Disasters are categorized as one of seven different types:
- Drought: Prolonged dry spells resulting in water shortages and reduced soil moisture.
- Flooding: Overflow of water inundating land usually due to intense rainfall or melting snow.
- Tropical Cyclone: Intense rotating storm systems known as hurricanes.
- Severe Storm: Includes windstorms and tornadoes, hail, lightning, and heavy precipitation.
- Winter Storm: Heavy snow, freezing rain, and icy conditions impacting transportation and infrastructure.
- Wildfire: Uncontrolled fires consuming vast areas of forests and vegetation.
- Freezes: Sub-zero temperatures damaging crops and infrastructure, such as pipes or energy lines.
The average days between billion-dollar disasters are calculated from the start dates of adjacent events within a single year.
Days Between Billion-Dollar Disasters in the U.S. (1980‒2022)
Between 1980 and 2022, there were 155 total disasters in the U.S. that cost more than a billion dollars in damages when adjusted for inflation.
And when looking at the average number of days between these billion-dollar events within each year, we can see the decades becoming more and more costly:
Year | Avg. Days Between Disasters |
---|---|
1980 | 60 |
1981 | 113 |
1982 | 85 |
1983 | 66 |
1984 | 78 |
1985 | 48 |
1986 | 104 |
1987 | N/A |
1988 | N/A |
1989 | 47 |
1990 | 74 |
1991 | 71 |
1992 | 44 |
1993 | 44 |
1994 | 54 |
1995 | 46 |
1996 | 73 |
1997 | 111 |
1998 | 39 |
1999 | 64 |
2000 | 64 |
2001 | 30 |
2002 | 51 |
2003 | 34 |
2004 | 23 |
2005 | 47 |
2006 | 39 |
2007 | 35 |
2008 | 23 |
2009 | 33 |
2010 | 40 |
2011 | 16 |
2012 | 30 |
2013 | 30 |
2014 | 30 |
2015 | 36 |
2016 | 20 |
2017 | 13 |
2018 | 19 |
2019 | 18 |
2020 | 14 |
2021 | 18 |
2022 | 20 |
Back in the early 1980s, the average interval between these major disasters (within each year) was 75 days. Even more starkly, 1987 had no climate disasters that topped $1 billion in damages, while 1988 only had one.
Fast forward to 2022, and that average window has drastically reduced to a mere 20 days between billion-dollar disasters in the United States.
Breaking Down Billion-Dollar Disasters by Type
Of the 155 disasters tracked through 2022, the majority have been in the form of severe storms including tornadoes, windstorms, and thunderstorms.
The worst severe storms include an outbreak of tornadoes in April 2011 across many central and southern states, with an estimated 343 tornadoes causing a total of $14 billion in CPI-adjusted damages. In August 2020, a powerful derecho—a widespread and intense windstorm characterized by straight-line winds—devastated millions of acres of crops across the Midwest and caused $13 billion in adjusted damages.

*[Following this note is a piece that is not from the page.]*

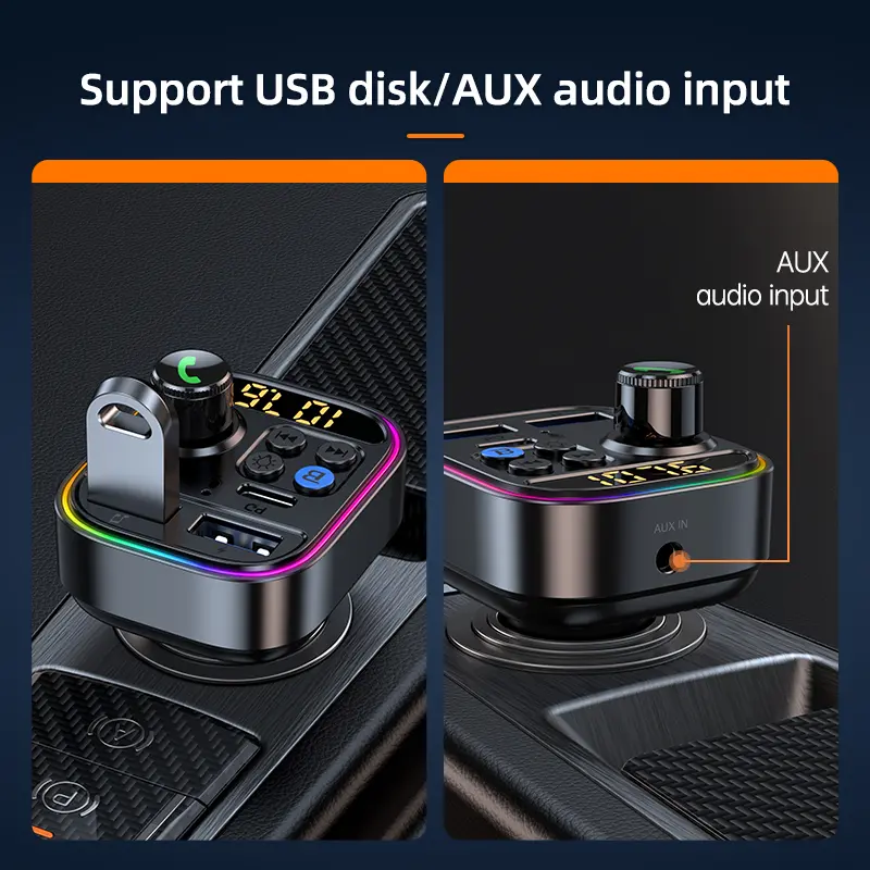 Bluetooth 5.3 FM Transmitter Wireless Bluetooth Car Adapter AUX Radio Receiver MP3 Player Handsfree Call Type-C USB Car charger

But the most expensive disasters so far have been hurricanes. Eight hurricanes top the inflation-adjusted damages charts, with Hurricane Katrina’s unprecedented devastation in 2005 leading with a staggering $194 billion.
Will the U.S. be prepared for more costly disasters going forward? And will climate change continue to accelerate the pace of weather disasters in the U.S. even more?